# [Work task]
Beginning with the line that contains "In Figure 2A,B" and ending with the line that contains "二、 大提琴演奏家周幼雯教授", reproduce the lines of the entries below exactly, omitting pictures.

# [Data extracts]

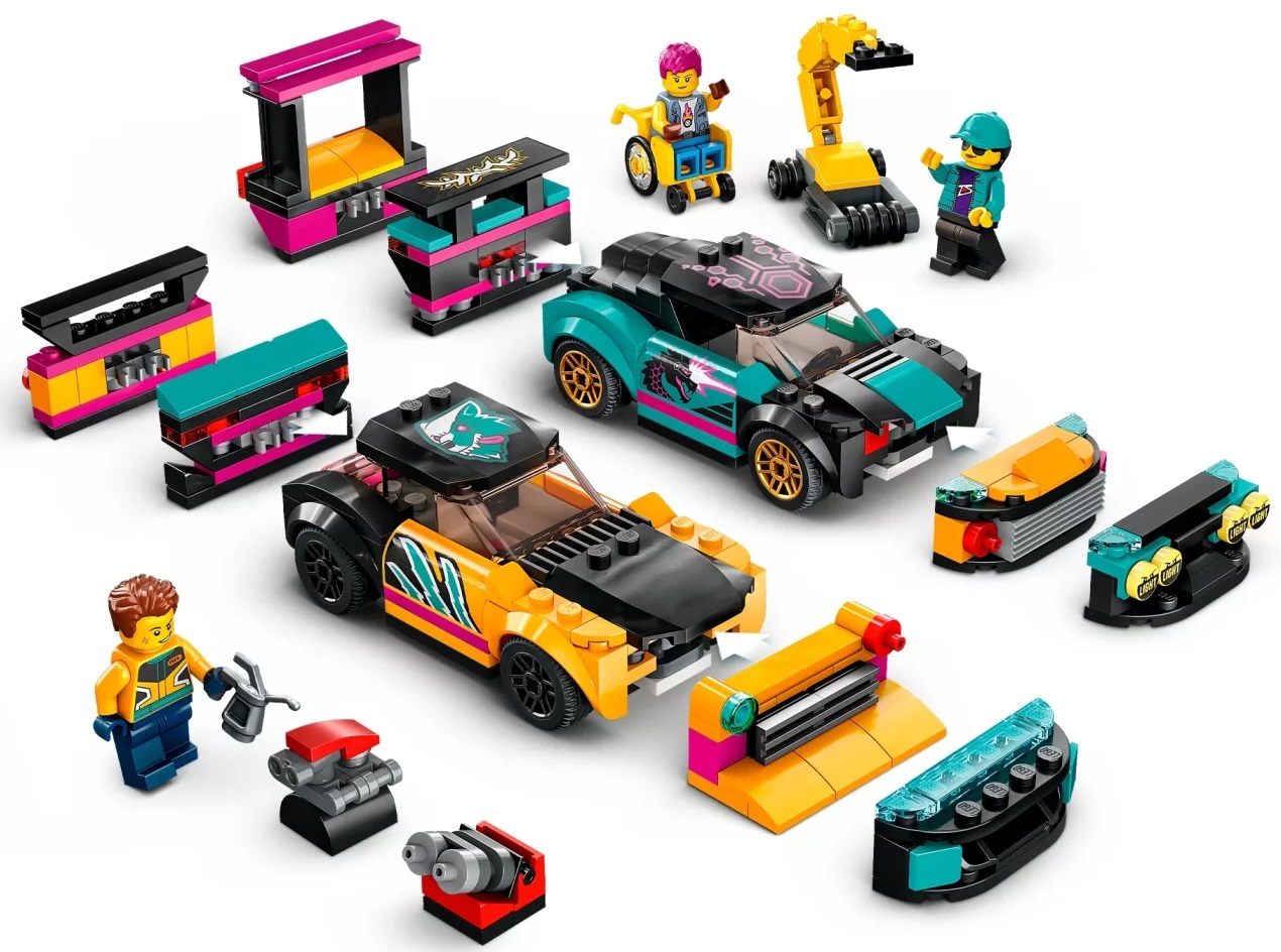 Tuning samochodów to bułka z masłem dzięki temu zestawowi LEGO® City Warsztat tuningowania samochodów (60389), który zawiera warsztat z mnóstwem funkcji i dwoma samochodami, które można modyfikować.
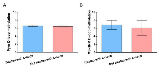 In Figure 2A,B are reported results on the effects of use of L-dopa on D-loop methylation levels evaluated by means of pyrosequencing and MS-HRM, respectively. No significant difference in pyrosequencing D-loop methylation levels was observed between PD patients treated or not treated with L-dopa (6.43 ± 0.35 vs. 6.59 ± 0.18, p = 0.71). Similarly, no significant difference was observed in MS-HRM D-loop methylation levels between the two aforementioned groups (6.09 ± 1.88 vs. 6.85 ± 1.20, p = 0.73).
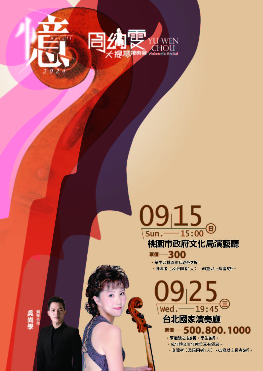 二、 大提琴演奏家周幼雯教授,現職為國家交響管樂團團員,並擔任實踐大學、台北市立教育大學、私立中國文化大學及國立台灣藝術大學等音樂系及研究所兼任教授,並長期於桃園深耕藝術教育推廣。
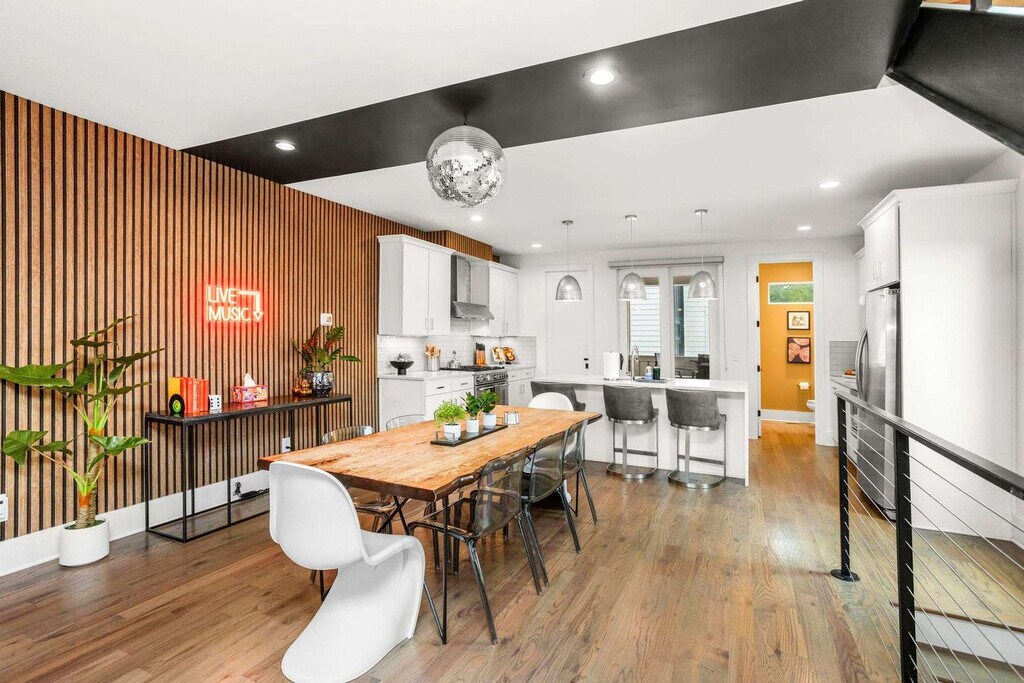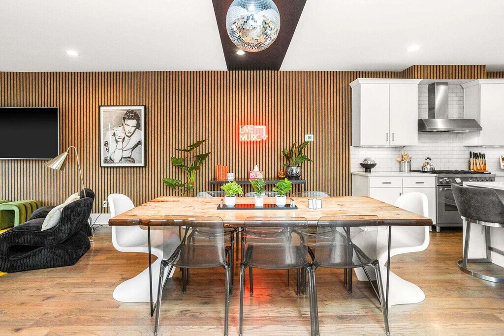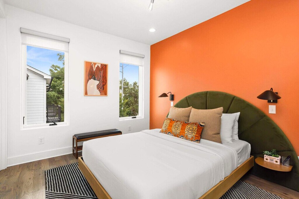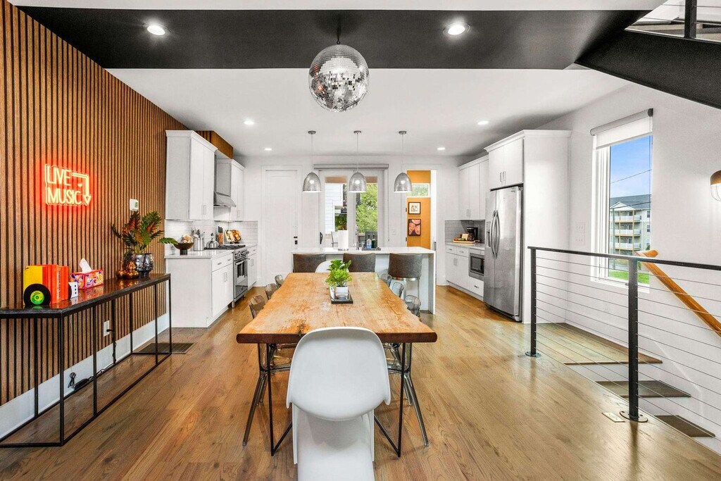 Welcome to this vibey retreat, part of a premium Nashville collection of boutique vacation rentals on legendary 8th Ave South. Just 2.3 miles from Broadway and closer to The Gulch and 12th South, this apartment is walkable to Hattie B's, live music at The Basement and Eighth Room, Zanies comedy, and 8th & Roast coffee. Professionally designed with upscale amenities, it includes a 2-car garage and hotel-grade linens, making it perfect for your Nashville visit. This thoughtfully designed 4-level home accommodates up to 12 guests, offering a perfect balance of togetherness and personal space. Bedrooms are located on levels 1, 3, and 4, each with private ensuite bathrooms. The expansive 2nd level serves as the heart of the home with an open-concept kitchen, dining, and living area flowing onto a balcony off the kitchen, plus a convenient half bath. The 4th-level lounge doubles as a second living area with seating, a TV, and its own private patio accessible through a sleek modern garage-style door. With 2 living areas, 3 outdoor spaces, and every bedroom having its own bathroom, this layout eliminates typical group rental challenges, ensuring comfort and flexibility for everyone. Early check-in or late check-out must be pre-arranged. If the night prior to your stay is available, it can be blocked off for you at half the price for an early check-in. Similarly, if there is no one booked the night of your check-out date, the night can be blocked off for a guaranteed late check-out at half the price. Any stay of 3 weeks or more will incur an extra cleaning fee. Situated in a prime location just minutes from Broadway and all major attractions, this apartment is on 8th Avenue South and adjacent to the Waverly Neighborhood. Walk to Hattie B's, Zanies, Baked on 8th, and other local restaurants, cafes, and shops. It's a short drive to popular destinations: 9 minutes to Broadway and Bridgestone Arena, 7 minutes to The Gulch, 5 minutes to Geodis Park, 8 minutes to Nissan Stadium, 4 minutes to 12 South, 6 minutes to Vanderbilt, and 5 minutes to Belmont. Ubers and Lyfts are readily available for convenient transportation. Quiet hours are in place to respect neighbors by keeping outdoor noise levels down. Smoking is not allowed inside or within 25 feet of the property. A $500 fee will apply if smoke of any kind is detected in the home. Excessive mess is not covered by the cleaning fee, and additional fees may apply if the space is not left in good condition. Early check-in or late check-out must be pre-arranged, and any non pre-arranged late check-outs will result in withholding of deposit. A laptop computer is not included. Registration Number:
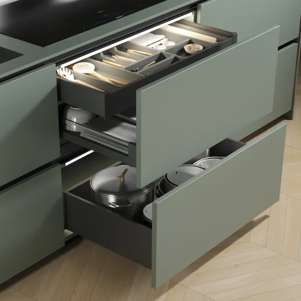 Emuca Taika je uzdužna LED rasveta sa elegantnim i kompaktnim dizajnom za osvetljavanje unutrašnjosti fioka ili ormarića. Ima integrisani senzor koji uključuje rasvetu kada se fioka otvori i gasi kada se zatvori. Takođe, ima visoku energetsku efikasnost koja obezbeđuje jako i ujednačeno svetlo.
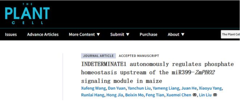 近日,The Plant Cell在线发表了来自深圳大学生命与海洋科学学院刘琳副教授和美国加州大学河滨分校陈雪梅院士团队(现已全职加盟北京大学生命科学院)的题为INDETERMINATE1 autonomously regulates phosphate homeostasis upstream of the miR399-ZmPHO2 signaling module in maize研究论文,揭示了ID1-miR399-ZmPHO2分子模块调控玉米磷稳态的分子机制。

# [Response to the exercise]
 In Figure 2A,B are reported results on the effects of use of L-dopa on D-loop methylation levels evaluated by means of pyrosequencing and MS-HRM, respectively. No significant difference in pyrosequencing D-loop methylation levels was observed between PD patients treated or not treated with L-dopa (6.43 ± 0.35 vs. 6.59 ± 0.18, p = 0.71). Similarly, no significant difference was observed in MS-HRM D-loop methylation levels between the two aforementioned groups (6.09 ± 1.88 vs. 6.85 ± 1.20, p = 0.73).
 二、 大提琴演奏家周幼雯教授,現職為國家交響管樂團團員,並擔任實踐大學、台北市立教育大學、私立中國文化大學及國立台灣藝術大學等音樂系及研究所兼任教授,並長期於桃園深耕藝術教育推廣。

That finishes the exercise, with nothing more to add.